#### [Task description]
Print every line of the material below exactly as it stands, but omit the pictures.

#### [Exercise data]

== Segment start ==

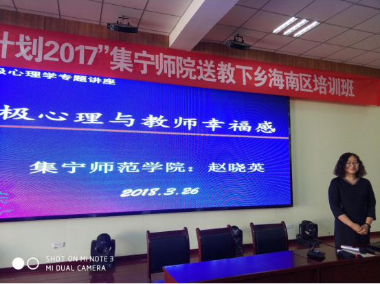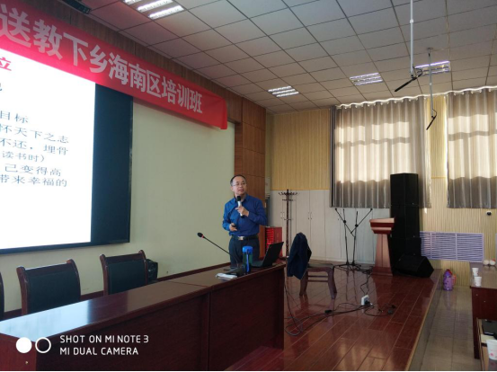 (供稿:海潮)2018年3月26日至29日,beat365正版唯一官方网站“国培计划2017”中小学幼儿园送教下乡教师培训项目分别在乌海市海南区和阿拉善盟阿右旗正式拉开帷幕。经学校“国培计划”项目办公室遴选,教育科学学院选派曹宇、赵晓英、李荣等三位教师先后为乌海市海南区和阿拉善右旗中小学及幼儿园教师开展了以“教师素质与师德修养、积极心理与幸福人生、心理健康与团体辅导”为主题的送教培训。三位教师培训前认真调研学员培训需求、精心准备教案、科学设计课件、合理安排活动,培训中主题鲜明、精选内容、激情讲解、各有侧重、各具特色,受到海南区和阿拉善右旗参训教师的热烈欢迎和积极评价。
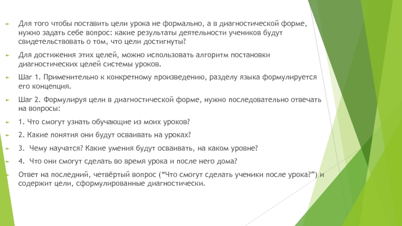 Ответ на последний, четвёртый вопрос (“Что смогут сделать ученики после урока?”) и содержит цели, сформулированные диагностически.
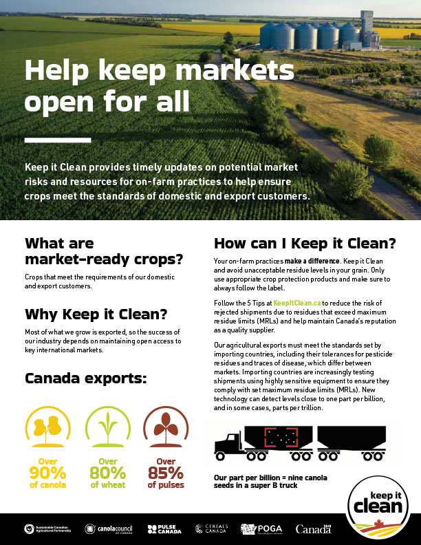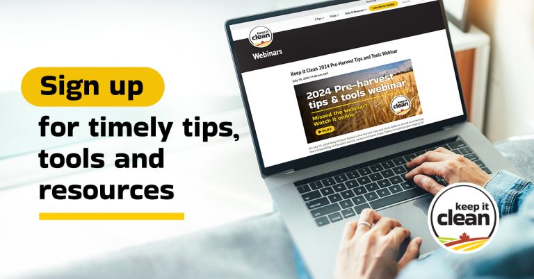 Share market-ready best practices using Keep it Clean resources designed to support crop advisers, ag retailers and industry partners. Don’t see the resource you’re looking for? Contact info@keepitclean.ca to inquire about materials.

== Segment end ==

#### [The answer]
 (供稿:海潮)2018年3月26日至29日,beat365正版唯一官方网站“国培计划2017”中小学幼儿园送教下乡教师培训项目分别在乌海市海南区和阿拉善盟阿右旗正式拉开帷幕。经学校“国培计划”项目办公室遴选,教育科学学院选派曹宇、赵晓英、李荣等三位教师先后为乌海市海南区和阿拉善右旗中小学及幼儿园教师开展了以“教师素质与师德修养、积极心理与幸福人生、心理健康与团体辅导”为主题的送教培训。三位教师培训前认真调研学员培训需求、精心准备教案、科学设计课件、合理安排活动,培训中主题鲜明、精选内容、激情讲解、各有侧重、各具特色,受到海南区和阿拉善右旗参训教师的热烈欢迎和积极评价。
 Ответ на последний, четвёртый вопрос (“Что смогут сделать ученики после урока?”) и содержит цели, сформулированные диагностически.
 Share market-ready best practices using Keep it Clean resources designed to support crop advisers, ag retailers and industry partners. Don’t see the resource you’re looking for? Contact info@keepitclean.ca to inquire about materials.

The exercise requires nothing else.